* **Problem to work on**: Copy exactly the stretch of lines from the one holding "Alright Then, Keep" through the last line of the data below, inclusive. Leave out pictures.

════════

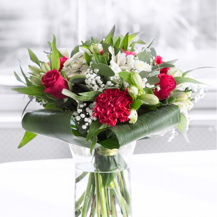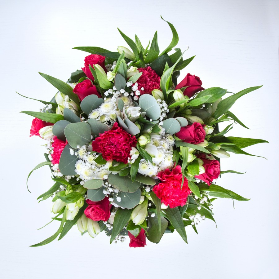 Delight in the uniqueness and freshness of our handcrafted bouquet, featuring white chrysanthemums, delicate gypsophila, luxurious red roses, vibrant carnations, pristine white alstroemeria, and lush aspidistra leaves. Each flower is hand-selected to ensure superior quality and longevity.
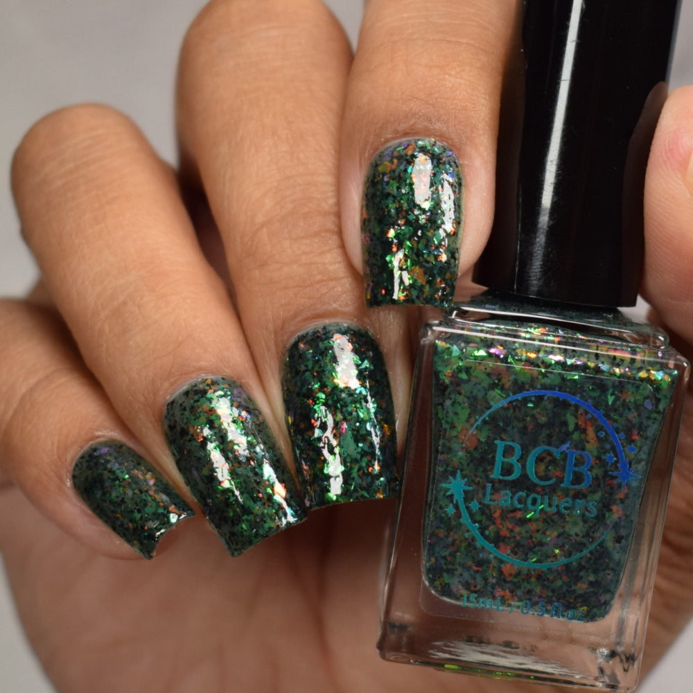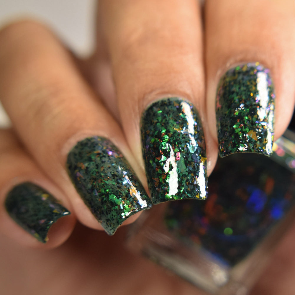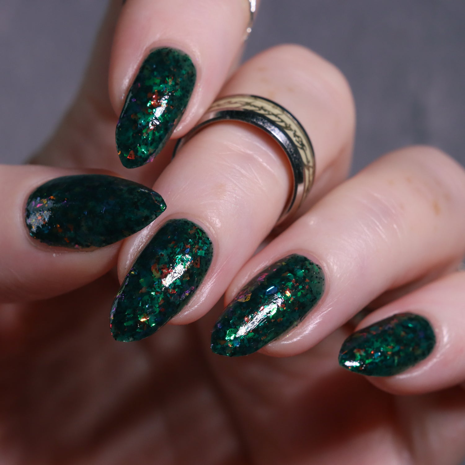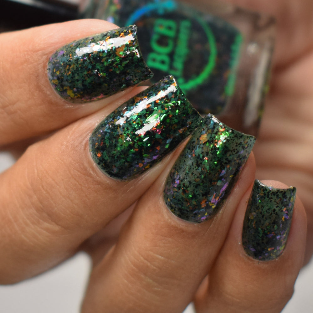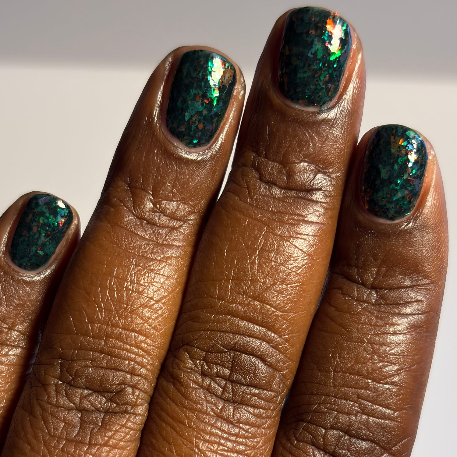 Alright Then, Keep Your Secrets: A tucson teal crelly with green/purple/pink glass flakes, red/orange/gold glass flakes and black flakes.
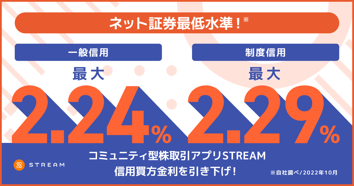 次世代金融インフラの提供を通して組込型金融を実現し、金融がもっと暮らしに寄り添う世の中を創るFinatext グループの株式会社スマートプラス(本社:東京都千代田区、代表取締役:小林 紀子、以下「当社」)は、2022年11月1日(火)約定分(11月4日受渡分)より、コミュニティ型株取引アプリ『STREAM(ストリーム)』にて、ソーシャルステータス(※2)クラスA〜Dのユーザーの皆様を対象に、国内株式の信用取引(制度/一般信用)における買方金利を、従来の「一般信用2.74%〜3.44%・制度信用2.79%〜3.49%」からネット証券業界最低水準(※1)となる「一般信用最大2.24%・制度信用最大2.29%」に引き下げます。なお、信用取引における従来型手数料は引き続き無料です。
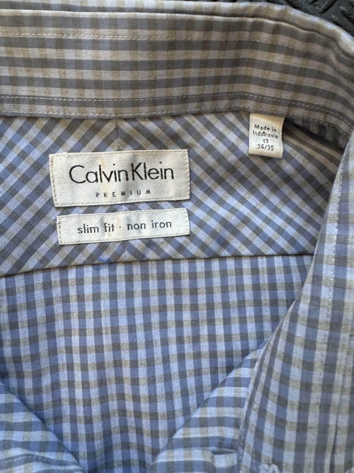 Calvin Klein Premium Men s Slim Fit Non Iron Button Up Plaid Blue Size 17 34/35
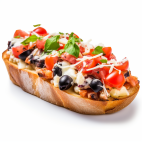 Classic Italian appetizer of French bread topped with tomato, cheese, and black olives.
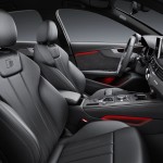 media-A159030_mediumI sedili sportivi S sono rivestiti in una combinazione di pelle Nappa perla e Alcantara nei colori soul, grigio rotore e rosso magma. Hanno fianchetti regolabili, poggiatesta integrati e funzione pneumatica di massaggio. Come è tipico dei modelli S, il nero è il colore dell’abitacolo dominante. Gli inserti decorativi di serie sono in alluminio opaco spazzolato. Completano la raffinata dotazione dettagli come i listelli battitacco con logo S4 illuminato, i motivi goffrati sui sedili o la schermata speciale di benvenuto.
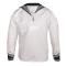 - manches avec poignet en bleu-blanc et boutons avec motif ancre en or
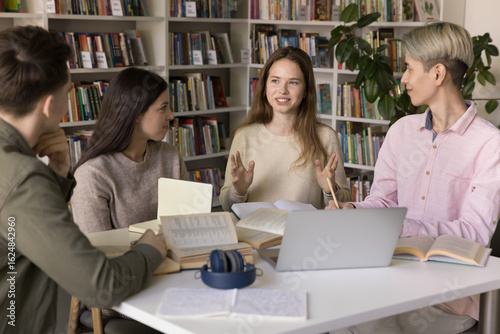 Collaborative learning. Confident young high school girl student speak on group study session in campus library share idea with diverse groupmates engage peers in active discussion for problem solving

════════

* **Answer section**:
 Alright Then, Keep Your Secrets: A tucson teal crelly with green/purple/pink glass flakes, red/orange/gold glass flakes and black flakes.
 次世代金融インフラの提供を通して組込型金融を実現し、金融がもっと暮らしに寄り添う世の中を創るFinatext グループの株式会社スマートプラス(本社:東京都千代田区、代表取締役:小林 紀子、以下「当社」)は、2022年11月1日(火)約定分(11月4日受渡分)より、コミュニティ型株取引アプリ『STREAM(ストリーム)』にて、ソーシャルステータス(※2)クラスA〜Dのユーザーの皆様を対象に、国内株式の信用取引(制度/一般信用)における買方金利を、従来の「一般信用2.74%〜3.44%・制度信用2.79%〜3.49%」からネット証券業界最低水準(※1)となる「一般信用最大2.24%・制度信用最大2.29%」に引き下げます。なお、信用取引における従来型手数料は引き続き無料です。
 Calvin Klein Premium Men s Slim Fit Non Iron Button Up Plaid Blue Size 17 34/35
 Classic Italian appetizer of French bread topped with tomato, cheese, and black olives.
 media-A159030_mediumI sedili sportivi S sono rivestiti in una combinazione di pelle Nappa perla e Alcantara nei colori soul, grigio rotore e rosso magma. Hanno fianchetti regolabili, poggiatesta integrati e funzione pneumatica di massaggio. Come è tipico dei modelli S, il nero è il colore dell’abitacolo dominante. Gli inserti decorativi di serie sono in alluminio opaco spazzolato. Completano la raffinata dotazione dettagli come i listelli battitacco con logo S4 illuminato, i motivi goffrati sui sedili o la schermata speciale di benvenuto.
 - manches avec poignet en bleu-blanc et boutons avec motif ancre en or
 Collaborative learning. Confident young high school girl student speak on group study session in campus library share idea with diverse groupmates engage peers in active discussion for problem solving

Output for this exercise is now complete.